Scriptable Control Layer Over Rust Backend

Usage Scenario

  • A system provides core functionalities, but no driving logic.

  • The driving logic must be dynamic and hot-loadable.

  • A script is used to drive the system and provide control intelligence.

Key Concepts

  • Expose a Control API.

  • Leverage function overloading to simplify the API design.

  • Since Rhai is sand-boxed, it cannot mutate the environment. To perform external actions via an API, the actual system must be wrapped in a RefCell (or RwLock/Mutex for sync) and shared to the Engine.

Implementation

There are two broad ways for Rhai to control an external system, both of which involve wrapping the system in a shared, interior-mutated object.

This is one way which does not involve exposing the data structures of the external system, but only through exposing an abstract API primarily made up of functions.

Use this when the API is relatively simple and clean, and the number of functions is small enough.

For a complex API involving lots of functions, or an API that has a clear object structure, use the Singleton Command Object pattern instead.

Functional API

Assume that a system provides the following functional API:


#![allow(unused)]
fn main() {
struct EnergizerBunny;

impl EnergizerBunny {
    pub fn new () -> Self { ... }
    pub fn go (&mut self) { ... }
    pub fn stop (&mut self) { ... }
    pub fn is_going (&self) { ... }
    pub fn get_speed (&self) -> i64 { ... }
    pub fn set_speed (&mut self, speed: i64) { ... }
}
}

Wrap API in Shared Object


#![allow(unused)]
fn main() {
pub type SharedBunny = Rc<RefCell<EnergizerBunny>>;
}

or in multi-threaded environments with the sync feature, use one of the following:


#![allow(unused)]
fn main() {
pub type SharedBunny = Arc<RwLock<EnergizerBunny>>;

pub type SharedBunny = Arc<Mutex<EnergizerBunny>>;
}

Register Control API

The trick to building a Control API is to clone the shared API object and move it into each function registration via a closure.

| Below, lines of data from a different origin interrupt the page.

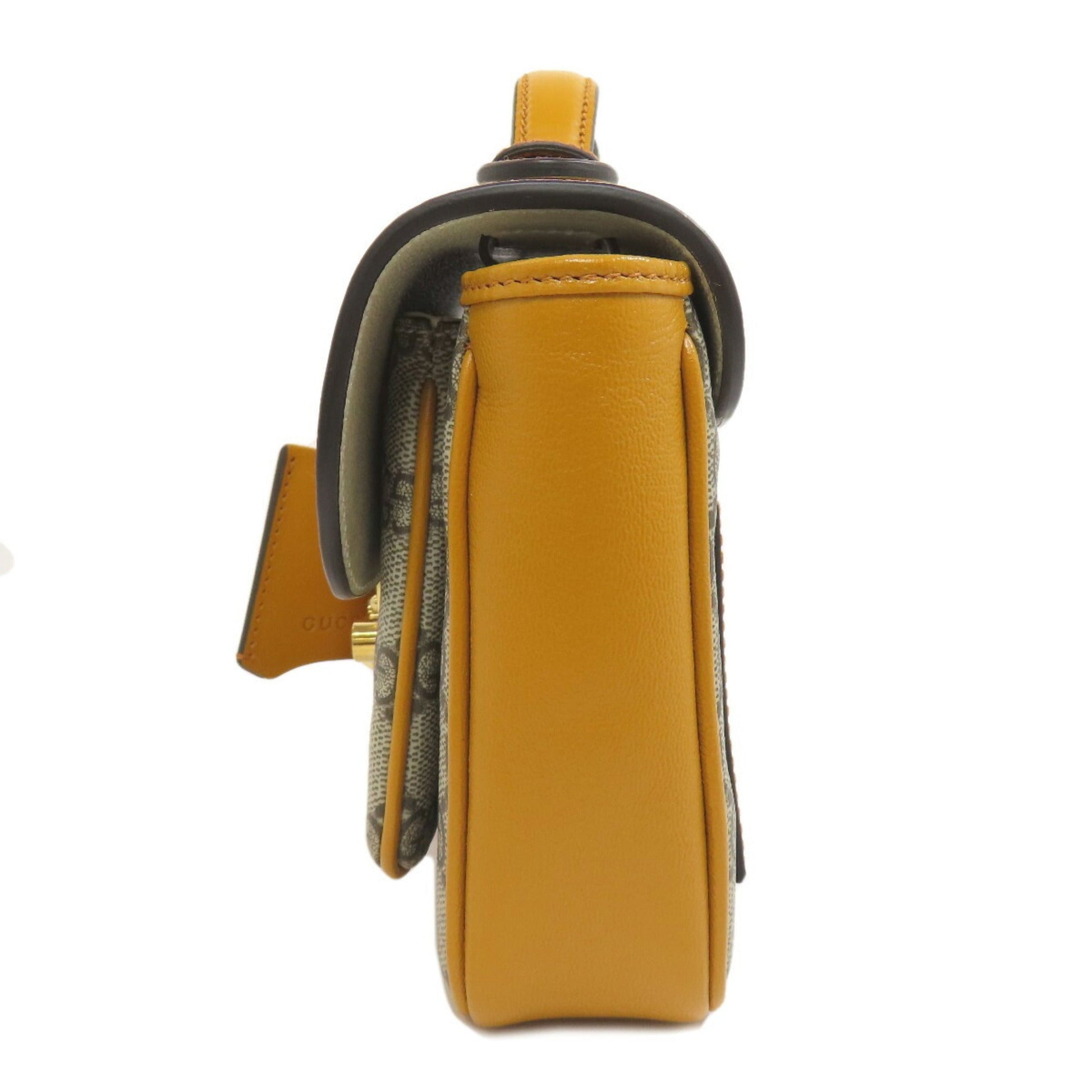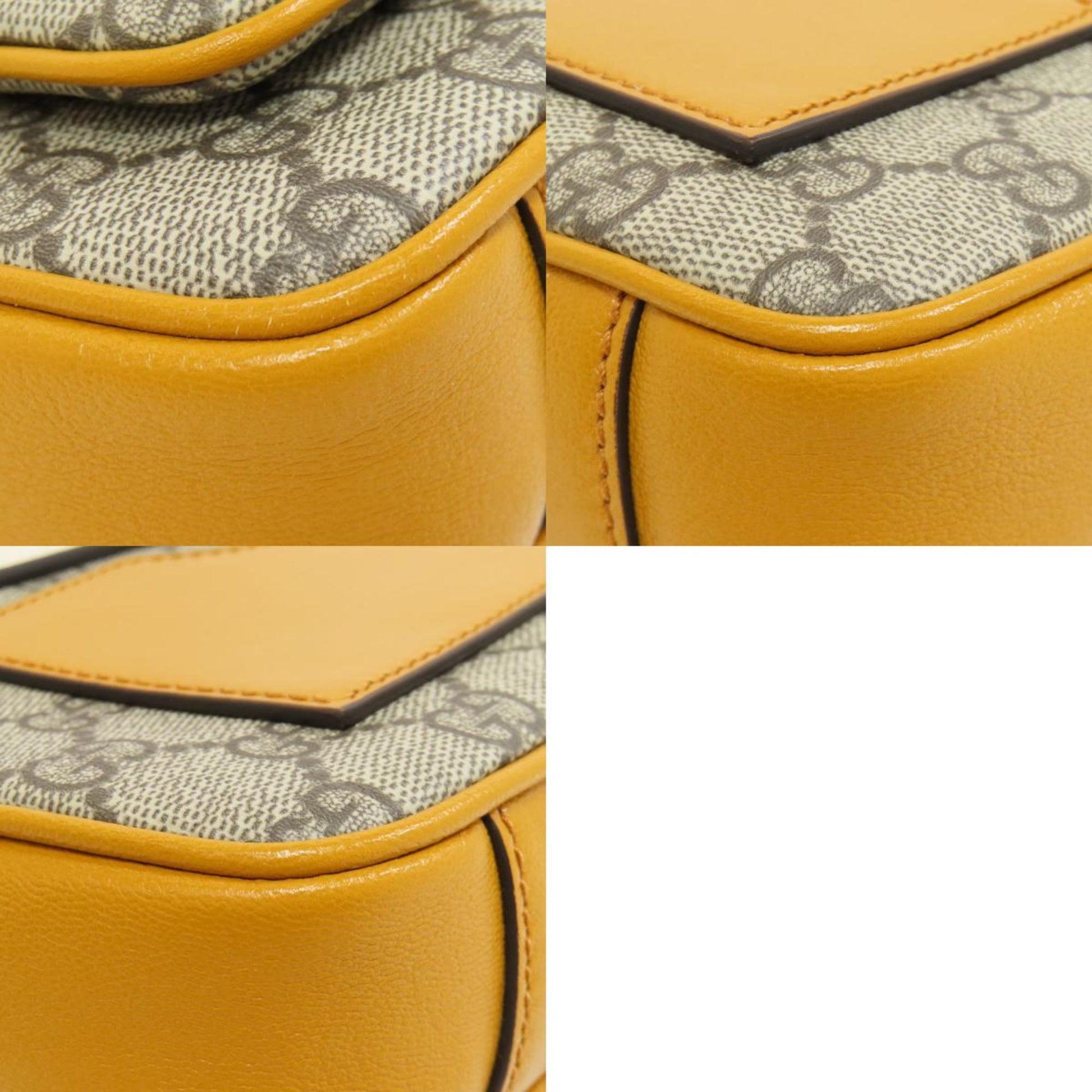Brand: Gucci, Color: Brown, Yellow, Material: PVC, Leather, Dimensions: 15cm x 23cm x 5cm / 5.9'' x 9.05'' x 1.96'', Condition: Rank A. Rank A Used - A few traces of usage, some scratches / dirt can be seen but overall in very good condition. Before purchasing, please refer to the images for the exact condition of the item. Before purchasing, please refer to the images of the accessories included with the item. Damage Ranking: Insignificant
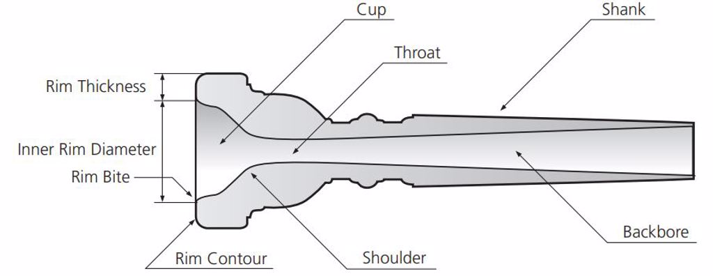 Hoe werkt het mondstuk van een trompet, trombone of bastuba? Je weet misschien al dat hier de trilling wordt gestart door de lippen die uiteindelijk voor het geluid zorgt, maar wat verschilt er onderling in mondstukken? Hieronder bespreken we verschillende onderdelen van een mondstuk, zoals de cup, de boring en rand van het mondstuk, en de invloed van deze onderdelen op de klank.
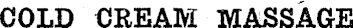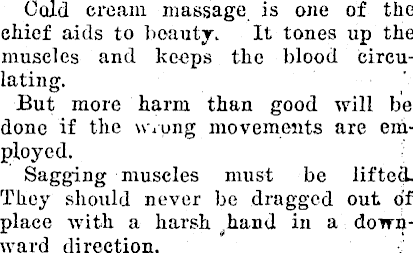 Cold cream massage is one of the ehief aids to beauty. It tones up the muscles and keeps the blood circulating. But more harm than good will be done if the wrung movements are employed. Sagging muscles must be lifted. They should never be dragged out of place with a harsh hand in a downward direction.

Therefore, it is not possible to use a plugin module to achieve this, and each function must be registered one after another.


#![allow(unused)]
fn main() {
// Notice 'move' is used to move the shared API object into the closure.
let b = bunny.clone();
engine.register_fn("bunny_power", move |on: bool| {
    if on {
        if b.borrow().is_going() {
            println!("Still going...");
        } else {
            b.borrow_mut().go();
        }
    } else {
        if b.borrow().is_going() {
            b.borrow_mut().stop();
        } else {
            println!("Already out of battery!");
        }
    }
});

let b = bunny.clone();
engine.register_fn("bunny_is_going", move || b.borrow().is_going());

let b = bunny.clone();
engine.register_fn("bunny_get_speed", move ||
    if b.borrow().is_going() { b.borrow().get_speed() } else { 0 }
);

let b = bunny.clone();
engine.register_result_fn("bunny_set_speed", move |speed: i64|
    if speed <= 0 {
        return Err("Speed must be positive!".into());
    } else if speed > 100 {
        return Err("Bunny will be going too fast!".into());
    }

    if b.borrow().is_going() {
        b.borrow_mut().set_speed(speed)
    } else {
        return Err("Bunny is not yet going!".into());
    }

    Ok(())
);
}

Use the API


#![allow(unused)]
fn main() {
if !bunny_is_going() { bunny_power(true); }

if bunny_get_speed() > 50 { bunny_set_speed(50); }
}

Caveat

Although this usage pattern appears a perfect fit for game logic, avoid writing the entire game in Rhai. Performance will not be acceptable.

Implement as much functionalities of the game engine in Rust as possible. Rhai integrates well with Rust so this is usually not a hinderance.

Lift as much out of Rhai as possible. Use Rhai only for the logic that must be dynamic or hot-loadable.